__DATA SHOWN__:
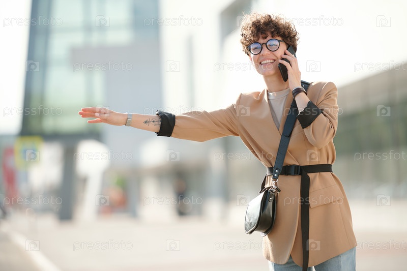 Молодая улыбающаяся женщина со смартфоном консультирует клиента по телефону на дороге
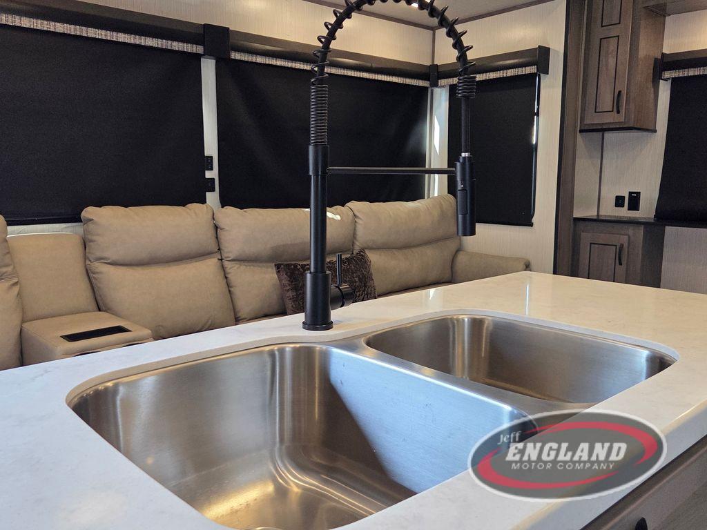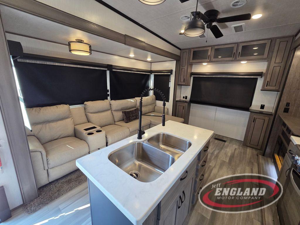 This fifth wheel will be the talk of the campground with a high bar top area in the rear living area! At night, relax on one of the two recliners or the chaise sofa while you watch your favorite movie on the 50" flat screen TV and enjoy the fireplace at the entertainment center. The kitchen island will make your meal prepping easier and if you choose to add the optional pull-out kitchen then you can breathe in some fresh air while you grill up some burgers on the two burner cooktop. The full bathroom has a 48" x 30" shower with a seat to freshen up in and a linen closet to keep your towels close. The front private bedroom has a front wardrobe with storage shelves and an area prepped to add an optional washer and dryer, plus a king bed slide for more walking around space and a comfortable place to lay your head at night!
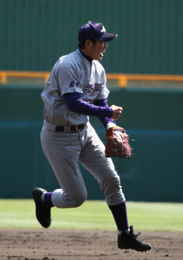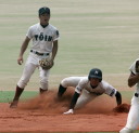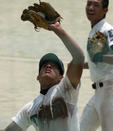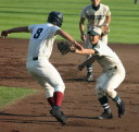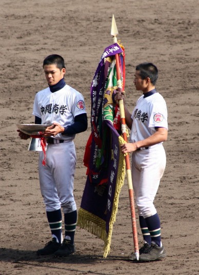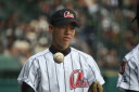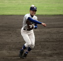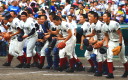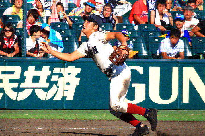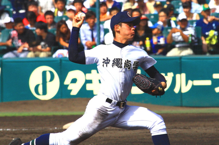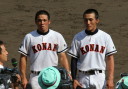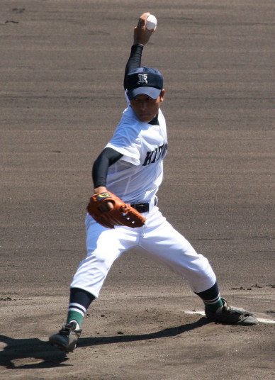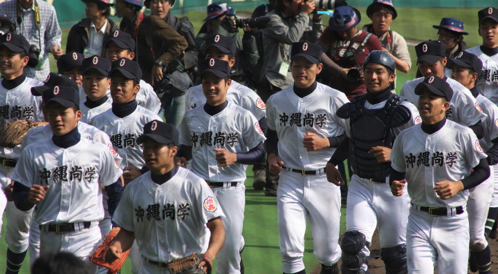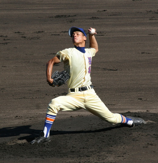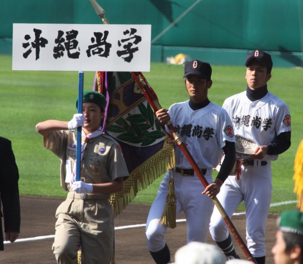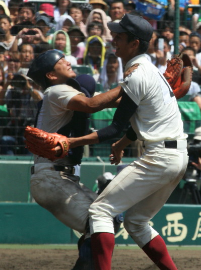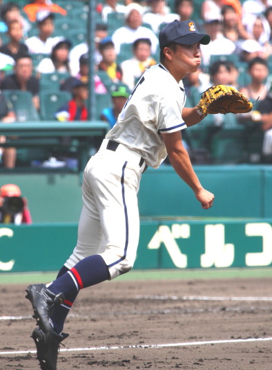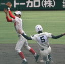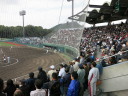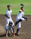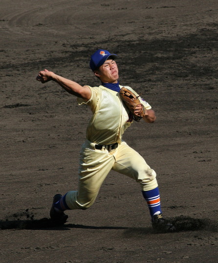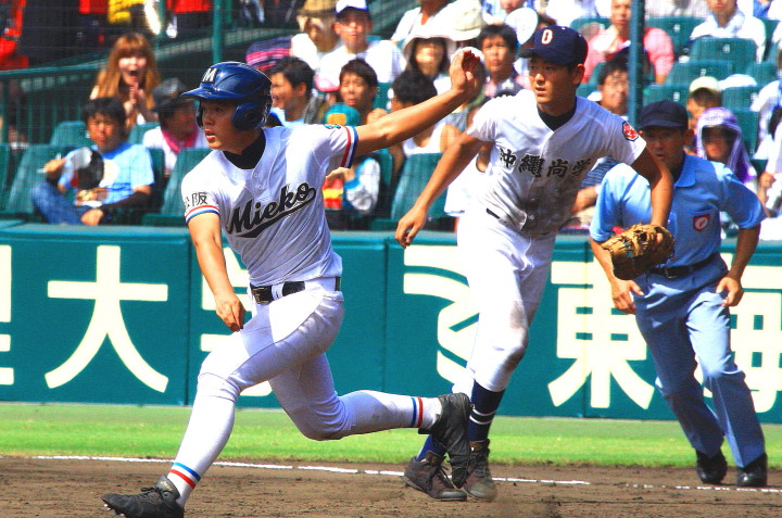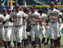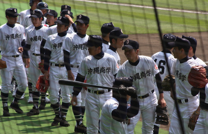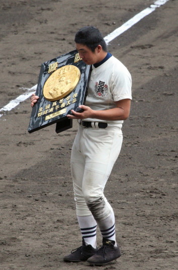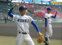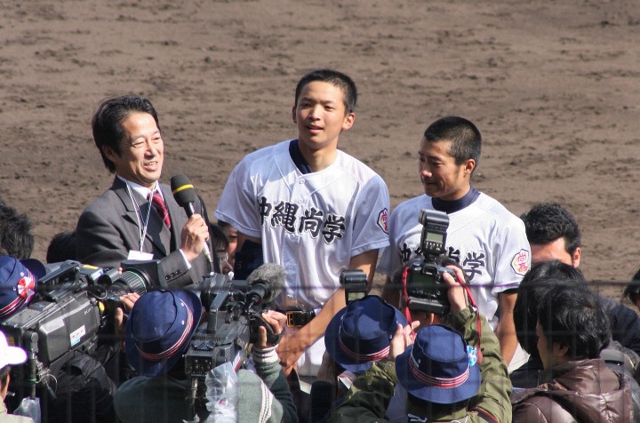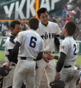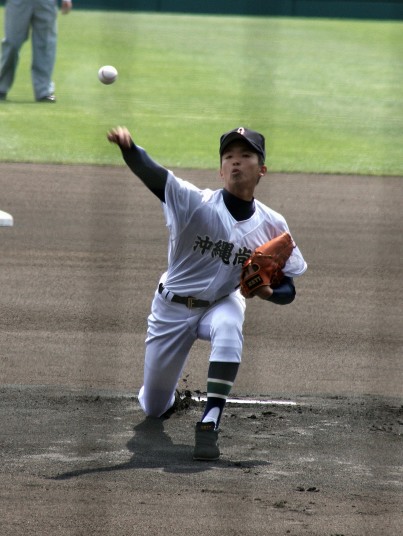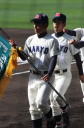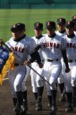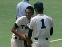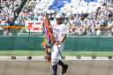 | 好カードの第2試合は予想通りの展開になった。 6回沖縄尚学は押し出し四球と相手エラーで同点に追いつき、 7.8回に福知山成美のエース仲村渠(なかんらかり)を攻めて逆転、 9回の福知山成美の猛追をかわし1点差で逃げ切った。 |

__TASK INSTRUCTIONS__: Lines from the one holding "This fifth wheel" to the end of the data, both ends included, are to be given again exactly; no pictures belong in the copy.

__RESPONSE AREA__:
 This fifth wheel will be the talk of the campground with a high bar top area in the rear living area! At night, relax on one of the two recliners or the chaise sofa while you watch your favorite movie on the 50" flat screen TV and enjoy the fireplace at the entertainment center. The kitchen island will make your meal prepping easier and if you choose to add the optional pull-out kitchen then you can breathe in some fresh air while you grill up some burgers on the two burner cooktop. The full bathroom has a 48" x 30" shower with a seat to freshen up in and a linen closet to keep your towels close. The front private bedroom has a front wardrobe with storage shelves and an area prepped to add an optional washer and dryer, plus a king bed slide for more walking around space and a comfortable place to lay your head at night!
 | 好カードの第2試合は予想通りの展開になった。 6回沖縄尚学は押し出し四球と相手エラーで同点に追いつき、 7.8回に福知山成美のエース仲村渠(なかんらかり)を攻めて逆転、 9回の福知山成美の猛追をかわし1点差で逃げ切った。 |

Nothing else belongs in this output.